We'll keep this thread open for now, hoping to get answers from @rajasoun, @plukevdh and/or @tecnobrat as well, or for anybody else who might be encountering this. Please do follow the steps/provide the details I asked for in my above message if you think you are still encountering a memory leak. Thanks!

thibaultcha on 15 Nov 2017

@pachico would you mind providing some details on what exactly went wrong with your custom plugin? (for future reference here)

Tieske on 16 Nov 2017

@Tieske We are running a stack which uses XML as external document model (mostly dictated by the industry standard) but we wanted to use Kong as API gateways. This forced us to develop most of the plugins in order to return proper XML response formats.
One of these plugins validates input XML against XSD using Xerces-C++ lua wrapper. It turns out we ended up having a memory leak for every document validated.
Anyway, now we're quite happy with it, despite to change the format of the response required us to completely duplicate the built-in plugins since there was no view "template" we could modify.

pachico on 16 Nov 2017

@pachico did you just "hack them to xml" or did you implement a template? in the latter case, I'd love to see a PR! 😄

Tieske on 21 Nov 2017

@Tieske we "hack them to xml", and yes, this means we had to re do some of the work every time these built-in plugins changed over versions :)

pachico on 21 Nov 2017

Hey all,

I'm a colleague of plukevdh who originally opened this issue.

We've finally been able to upgrade to kong 0.11.2, we had issues with 0.10.0 with it breaking URL encoding so we had to wait for 0.11.

We are still seeing the memory leak on 0.11.
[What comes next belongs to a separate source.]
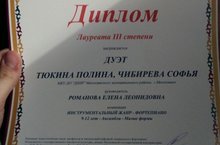 Очередная ПОБЕДА!!!!!! 4 мая в Набережных Челнах, Фондом "Планета талантов" при информационной поддержки Министерства Культуры РТ прошел Международный конкурс-фестиваль в рамках проекта "Планета талантов". В нем приняли участие учащиеся ДШИ - фортепианный ансамбль Чибирева Софья и Тюкина Полина ( препод. Романова Е.Л.). Поздравляем наших девочек, они награждены Дипломом Лауреата lll степени.
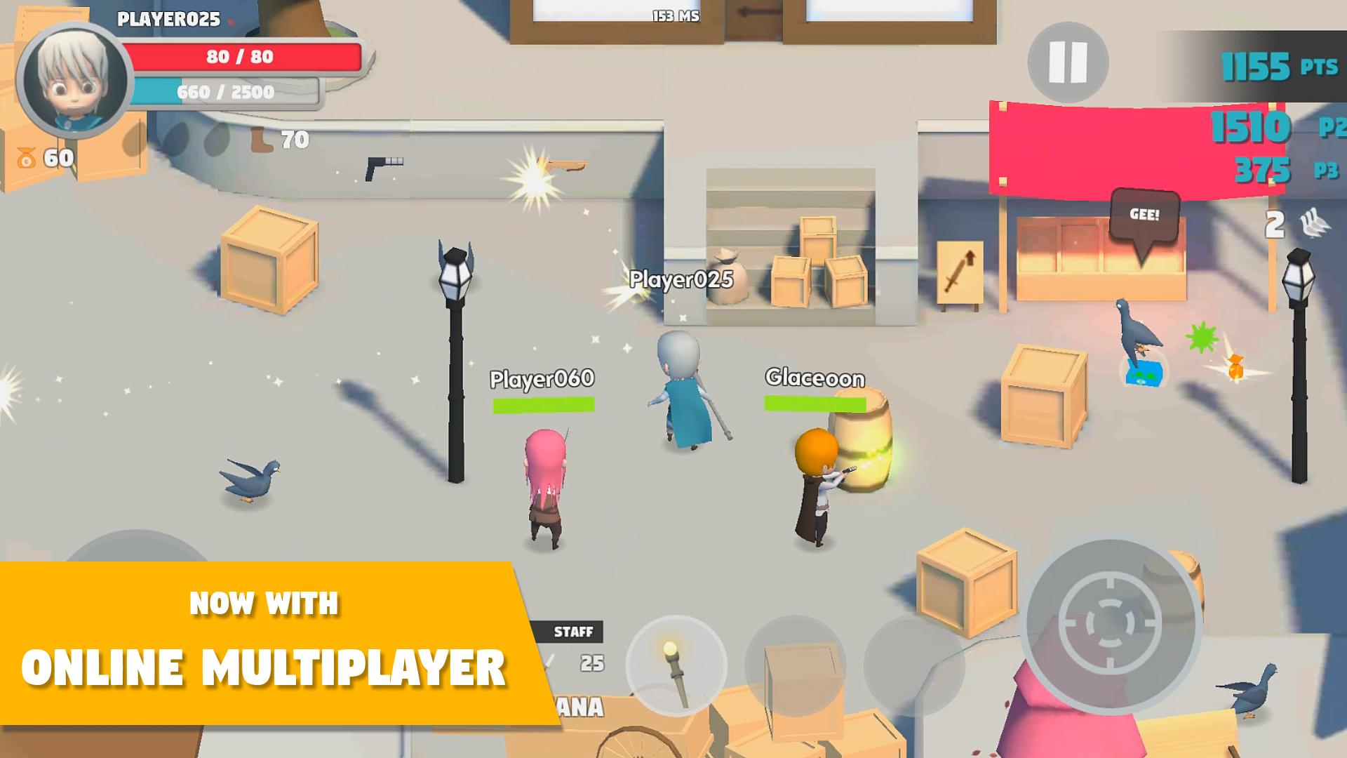 鸽子袭击Pigeons Attack是一款卡通趣味射击冒险游戏,玩家操纵角色参与冒险,追逐鸽子的踪迹,揭开事情的真想,冒险过程中保证自己的生命,在商店购买武器和道具武装自己。

We run kong 0.11.2 based on the released docker image. We run this in docker in production.

We are using the following plugins:

acl
basic-auth
cors
datadog
jwt
tcp-log
response-transformer

We have about 60 APIs configured. We peak at about 8 requests per second, and the memory consumption does appear to be based somewhat on traffic volume. On our staging servers the consumption increases very slowly (very little traffic) where is on our production system, it increases roughly at an exact factor increase based on the traffic increase. (2x traffic = 2x memory consumption)

Regards

tecnobrat on 21 Dec 2017

@tecnobrat if you disable the response-transformer plugin, what behavior do you see?

subnetmarco on 21 Dec 2017

@thefosk I'll see what I can do, that's easier said than done because we use it to set a header on every response and I'll need to make sure that doesn't break a bunch of things to test it properly.

Is there any particular reason why you make that suggestion?

tecnobrat on 21 Dec 2017

@tecnobrat if you are changing the response body Kong will have to parse the content in-memory (https://github.com/Kong/kong/blob/master/kong/plugins/response-transformer/handler.lua#L40-L42), but that should only happen when changing the body of the response (not when adding only headers)

subnetmarco on 21 Dec 2017

@thefosk yea, this is what we have it configured as:

{"created_at":1494441618000,"config":{"replace":{"json":{},"headers":{}},"add":{"json":{},"headers":["X-Content-Type-Options:nosniff"]},"remove":{"json":{},"headers":{}},"append":{"json":{},"headers":{}}},"id":"eaf18c1a-5759-48b8-8969-d3ef44940e33","enabled":true,"api_id":"a96a49fa-b230-409a-a899-de5f212eb9b3","name":"response-transformer"}

tecnobrat on 21 Dec 2017

Another test would be to disable the tcp-log plugin first, and the datadog plugin later if the problem still continues. The logging plugins are taking up memory for every request and they could also be the cause, we should try by trial and error.

subnetmarco on 21 Dec 2017

We're also experiencing this issue. Our symptoms are quite similar to those that @tecnobrat described: the rate of memory consumption appears to be tied to request rate.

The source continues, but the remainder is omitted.